Analysis — code-review-graph

ANALYSIS: code-review-graph

Summary

code-review-graph is a Python MCP server that indexes a codebase via Tree-sitter into a local SQLite knowledge graph and exposes 24 MCP tools (not 22 as triage reported — see Source review below) plus 5 prompt templates for code review, blast-radius analysis, community detection (Leiden), wiki generation, and multi-repo search. The 8.2× average token reduction claim (range 0.7×–16.4×) is self-reported from an internal eval runner; the harness exists in source and is reproducible but has not been executed in this session. The feature surface — particularly blast-radius analysis, community detection, cross-repo registry, and D3.js visualisation — is the broadest of any Python MCP tool in this survey, but several capabilities (embeddings, community detection, wiki) require optional dependencies that are disabled by default.
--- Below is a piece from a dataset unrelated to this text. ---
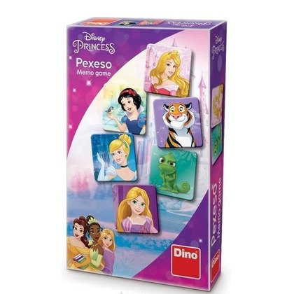 Gra pamięciowa typu memory (zwana też: pamięć, memo, memos) to popularna od wielu lat, prosta gra pamięciowa. Zabawa polega na zapamiętywaniu położenia identycznych par kart wśród rozłożonych "tyłem" kartoników. Wygrywa ten, komu uda się zapamiętać i zgromadzić ich najwięcej. Gra jest doskonałym treningiem pamięci i spostrzegawczości, a także świetnie sprawdzi się jako rozrywka w gronie rodziny czy przyjaciół. W proponowanym przez czeską firmę Dino zestawie znajdziemy karty nawiązujące do motywu Księżniczek Disney'a. Pudełko zawiera 48 kart, które stanowią 24 pary. Gra przeznaczona jest już dla dzieci od 4 lat wzwyż.

What it does (from reference documentation)

Indexing pipeline

Repository parsed by Tree-sitter into SQLite nodes and edges stored under .code-review-graph/. Blast-radius, dependency chains, and test-coverage gaps are pre-computed at index time. Optional vector embeddings (sentence-transformers, Google Gemini, or MiniMax) stored alongside for hybrid FTS5+vector search. Community detection via the Leiden algorithm groups related code into clusters. Execution flow analysis traces call chains ranked by criticality.

Supported languages: 19 languages plus Jupyter and Databricks notebooks (as reported, README — README is stale; source at v2.3.1 contains 22 language parsers; see Source review). Incremental updates reported as under 2 seconds (as reported, README — not verified by running the tool).

24 MCP tools (verified — README says 22, source has 24)

Tool surface verified from code_review_graph/main.py — 24 @mcp.tool() decorators registered at server startup:

build_or_update_graph_tool, run_postprocess_tool, get_minimal_context_tool, get_impact_radius_tool, query_graph_tool, get_review_context_tool, semantic_search_nodes_tool, embed_graph_tool, list_graph_stats_tool, get_docs_section_tool, find_large_functions_tool, list_flows_tool, get_flow_tool, get_affected_flows_tool, list_communities_tool, get_community_tool, get_architecture_overview_tool, detect_changes_tool, refactor_tool, apply_refactor_tool, generate_wiki_tool, get_wiki_page_tool, list_repos_tool, cross_repo_search_tool.

The README table lists 22 tools and omits run_postprocess_tool and get_minimal_context_tool. Both are present in source. get_minimal_context_tool is the entry-point tool described in CLAUDE.md as the recommended first call for any task (costs ~100 tokens, returns a full structural overview). run_postprocess_tool runs community detection, flow analysis, and embedding after a graph build.

This is the largest MCP tool surface of any tool in this survey (vs 14 for deusdata-codebase-memory-mcp, 1 for colbymchenry/codegraph).

5 prompt templates (verified)

review_changes, architecture_map, debug_issue, onboard_developer, pre_merge_check — confirmed in code_review_graph/prompts.py and registered in main.py.

Slash commands

/code-review-graph:build-graph, /code-review-graph:review-delta, /code-review-graph:review-pr.

Multi-platform install

code-review-graph install auto-configures Claude Code, Cursor, Windsurf, Zed, Continue, OpenCode, and Antigravity — plus Codex (added in v2.3.0). That is 8 named platforms in the README; Codex support is confirmed in CHANGELOG v2.3.0. The README still lists 7 in some places (Antigravity instead of Codex in older text); source and CHANGELOG confirm 8 including Codex.

Benchmark claims — as-reported vs verified

Token efficiency (8.2× average claim)

Claim: 8.2× average token reduction across 6 repositories (naive vs graph); range 0.7×–16.4×.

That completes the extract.